*How to complete this task*. Would you return exactly the lines below from the line with "横型のカレンダー 日曜始まり カレンダーデザイン-0120" through the line with "- Hula Midi", both included, and nothing else, leaving out the pictures?

*Data provided*.
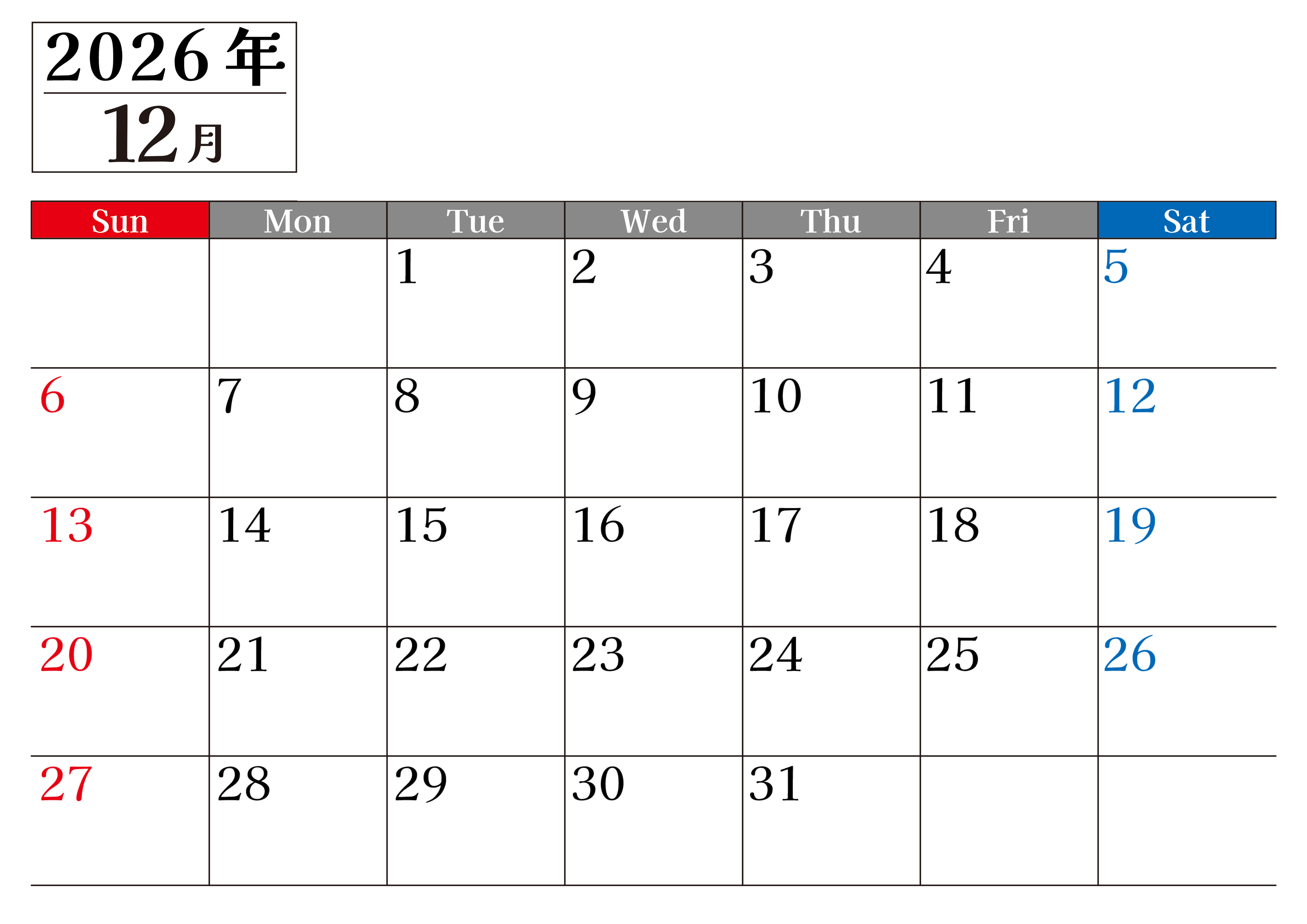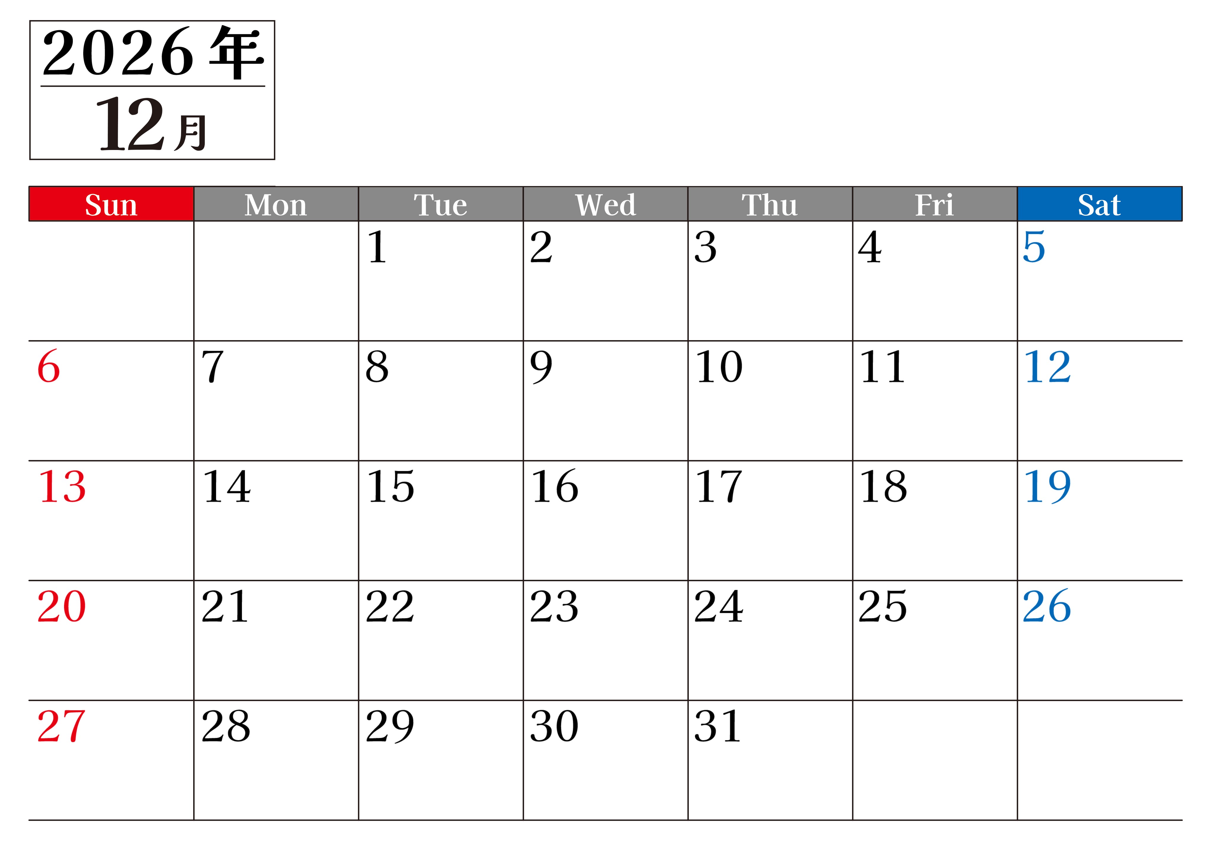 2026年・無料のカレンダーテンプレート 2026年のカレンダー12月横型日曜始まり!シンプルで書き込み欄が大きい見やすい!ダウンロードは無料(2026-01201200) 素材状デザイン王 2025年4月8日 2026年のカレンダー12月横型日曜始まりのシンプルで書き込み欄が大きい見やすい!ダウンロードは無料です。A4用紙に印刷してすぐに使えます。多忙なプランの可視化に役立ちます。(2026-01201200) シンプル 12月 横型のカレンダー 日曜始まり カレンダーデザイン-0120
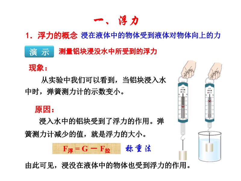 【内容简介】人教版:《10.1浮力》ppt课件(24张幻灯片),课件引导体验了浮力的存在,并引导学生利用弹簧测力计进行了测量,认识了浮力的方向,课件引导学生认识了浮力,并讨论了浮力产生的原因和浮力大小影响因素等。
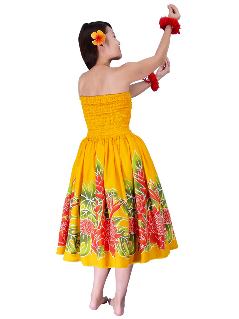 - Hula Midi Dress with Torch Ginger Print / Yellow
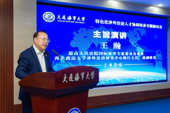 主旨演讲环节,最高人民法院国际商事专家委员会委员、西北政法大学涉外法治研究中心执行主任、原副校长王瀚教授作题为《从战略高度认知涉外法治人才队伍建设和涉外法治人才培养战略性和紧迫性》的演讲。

==

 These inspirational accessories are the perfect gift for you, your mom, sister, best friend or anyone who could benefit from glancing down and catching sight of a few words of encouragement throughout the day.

*Written answer*.
 2026年・無料のカレンダーテンプレート 2026年のカレンダー12月横型日曜始まり!シンプルで書き込み欄が大きい見やすい!ダウンロードは無料(2026-01201200) 素材状デザイン王 2025年4月8日 2026年のカレンダー12月横型日曜始まりのシンプルで書き込み欄が大きい見やすい!ダウンロードは無料です。A4用紙に印刷してすぐに使えます。多忙なプランの可視化に役立ちます。(2026-01201200) シンプル 12月 横型のカレンダー 日曜始まり カレンダーデザイン-0120
 【内容简介】人教版:《10.1浮力》ppt课件(24张幻灯片),课件引导体验了浮力的存在,并引导学生利用弹簧测力计进行了测量,认识了浮力的方向,课件引导学生认识了浮力,并讨论了浮力产生的原因和浮力大小影响因素等。
 - Hula Midi Dress with Torch Ginger Print / Yellow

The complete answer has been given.